Identifying a fundamental link between the size of atomic nuclei and blackhole thermodynamic principles

Using an entirely new approach based on a ground-breaking geometrical understanding of entropy, a collaborative team involving the University of Surrey have found a new way to calculate the sizes of the nuclei in the helium isotopes ⁴He, ⁶He, ⁸He, assuming only the radius of the proton. 

The technique, explained in a peer-reviewed paper published in Annalen der Physik, works for both the matter and the charge radii.

In contrast, the microscopic models conventionally used by nuclear physicists are complex and fail to identify which results follow inherently from fundamental principles. The area is topical because experiments over the last few decades to measure nuclear sizes, often using major particle accelerators internationally, have built up an ever more detailed body of data.

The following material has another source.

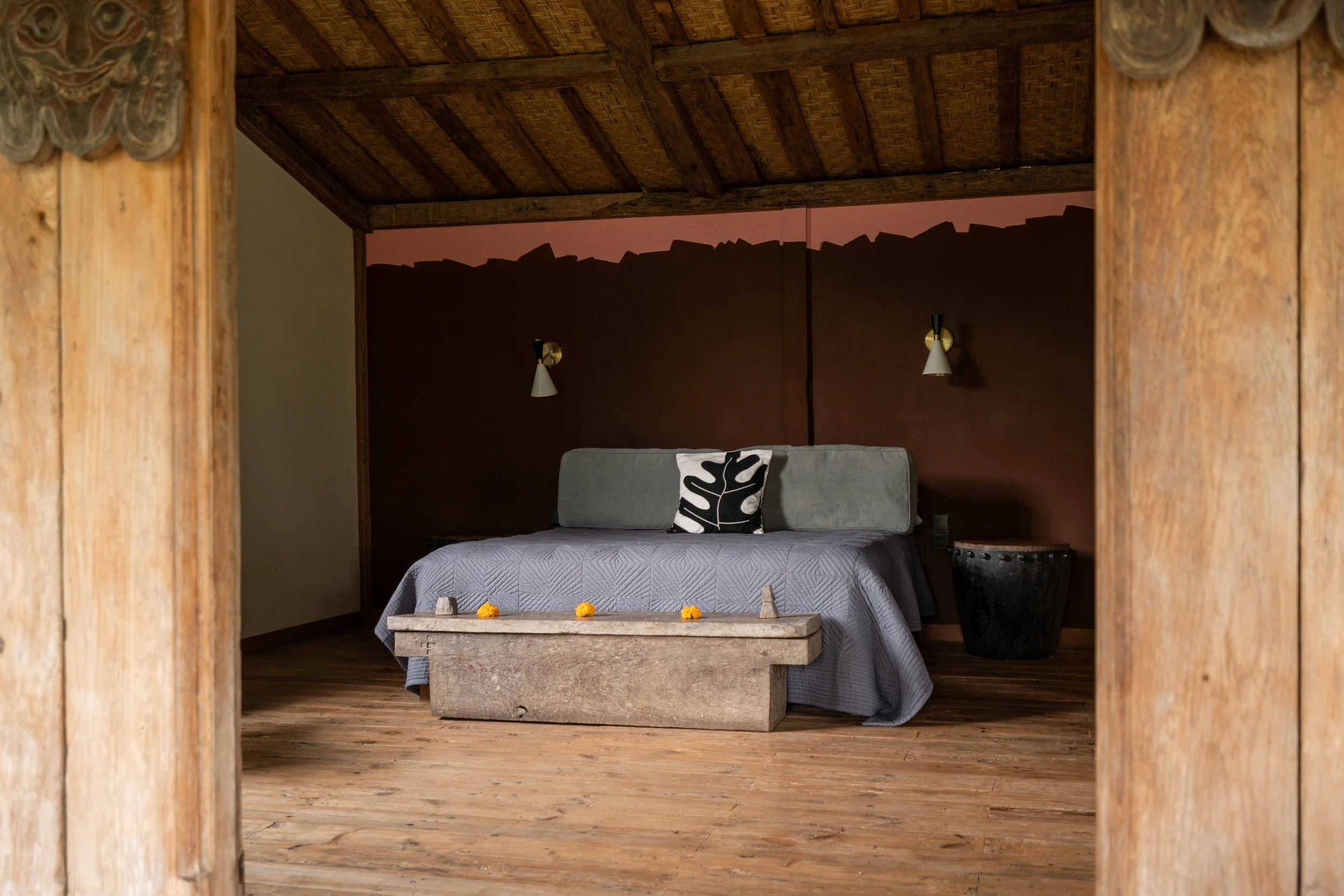 Rumah Erlangga – A Deluxe Village House with 1 bedroom, 1 bathroom and a private terrace. This house is suitable for a single, couple, or twin share nestled alongside our herbal gardens.

The Surrey team used Quantitative Geometrical Thermodynamics (QGT), a deeply mathematical approach based on fundamental variational calculus considerations, which has previously been applied successfully to explain the stability of spiral galaxies and the role of their central supermassive black holes, of DNA and of Buckminsterfullerene (the C₆₀ molecule). By using the same black hole physics of QGT to explore the nuclear regime as well, they have now demonstrated its validity over 35 orders of magnitude of length, a wider range than for any other physical theory.

The research focused on the helium isotopes, but similar treatment is also successful for the wider "Helium series" of atomic nuclei ¹²C, ¹⁶O, ²⁰Ne, ²⁴Mg, ²⁸Si, ³²S, ³⁶Ar, ⁴⁰Ca. The team anticipates that the same approach will lead to valuable insights for other nuclei, both stable and unstable. This is expected to enhance the study and understanding of nuclear structure physics. 

Professor Chris Jeynes, Professorial Research Fellow at the University of Surrey, says that "in clearing up a fundamental scientific mystery, our findings will lead to critical progress in bringing together quantum mechanics and general relativity. The benefits are immeasurable and relevant in many fields, from knowledge of the universe and understanding of fundamental principles to the development of new drugs and better energy storage."

Professor Wilton Catford, Research Group Leader of Experimental Nuclear Physics at the University of Surrey, explains that "the findings almost seem too good to be true, but we worked hard to identify the conceptual links and consistency with microscopic quantum mechanics and reached an improved understanding. The foundations of our approach lie in the links between entropy, information and symmetry, which are fundamental and apply at all scales, sub-atomic or cosmic."